The function from_matched() takes a dataframe, a dfs0 or a mikeio.Dataset of already matched data and returns a Comparer object.

cmp = ms.from_matched(fn, obs_item=1, mod_items=0, aux_items=[2,3])
cmp.aux_names

['Wind speed', 'Wind Direction']

# NOTE: we rename data_vars to avoid spaces in names
cmp = cmp.rename({"Wind speed": "wind_speed", "Wind Direction": "wind_dir"})

cmp.aux_names

['wind_speed', 'wind_dir']

cmp

<Comparer>
Quantity: Significant wave height [m]
Observation: Hm0, obs, n_points=67
Model(s):
0: Hm0, model
 Auxiliary: wind_speed
 Auxiliary: wind_dir

cmp.skill()

	n	bias	rmse	urmse	mae	cc	si	r2
observation
Hm0, obs	67	0.052239	0.22824	0.222181	0.174851	0.968321	0.085898	0.929767

cmp.plot.scatter(quantiles=0, figsize=(6,6));
cmp.plot.timeseries();

Filter

Filter on auxiliary data using query() or where(). Below, we consider only wave data when the wind speed is above 15 m/s.

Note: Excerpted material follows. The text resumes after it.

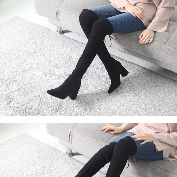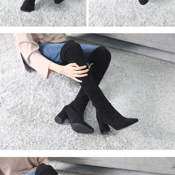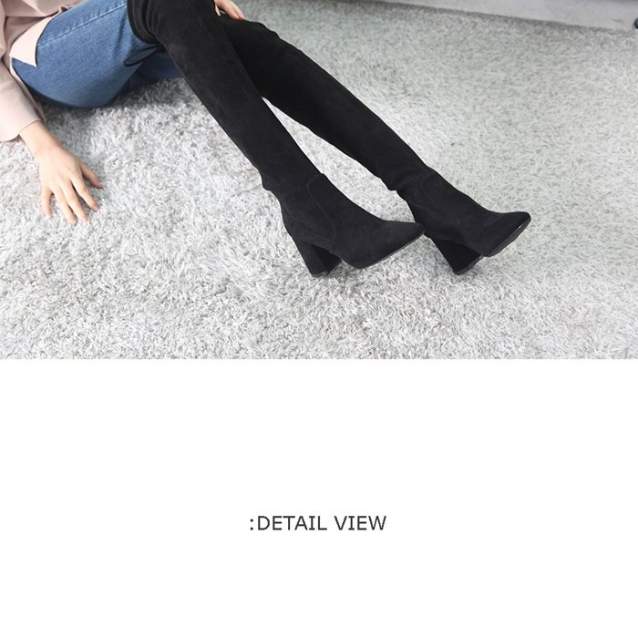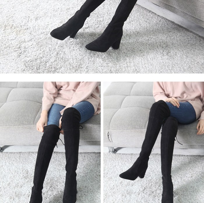 商品名:ロングブーツ レディース ニーハイブーツ スエード調 チャンキーヒール 太ヒール 2017 秋冬 ファッション 靴 婦人靴

cmp.query("wind_speed > 15.0")

<Comparer>
Quantity: Significant wave height [m]
Observation: Hm0, obs, n_points=19
Model(s):
0: Hm0, model
 Auxiliary: wind_speed
 Auxiliary: wind_dir

cmp2 = cmp.where(cmp.data.wind_speed>15.0)
cmp2

<Comparer>
Quantity: Significant wave height [m]
Observation: Hm0, obs, n_points=19
Model(s):
0: Hm0, model
 Auxiliary: wind_speed
 Auxiliary: wind_dir

# notice that the model data is kept, but the observations are filtered
cmp2.plot.timeseries();

More auxiliary data can be added, e.g. as derived data from the original data.

cmp.data["residual"] = cmp.data["Hm0, model"] - cmp.data["Observation"]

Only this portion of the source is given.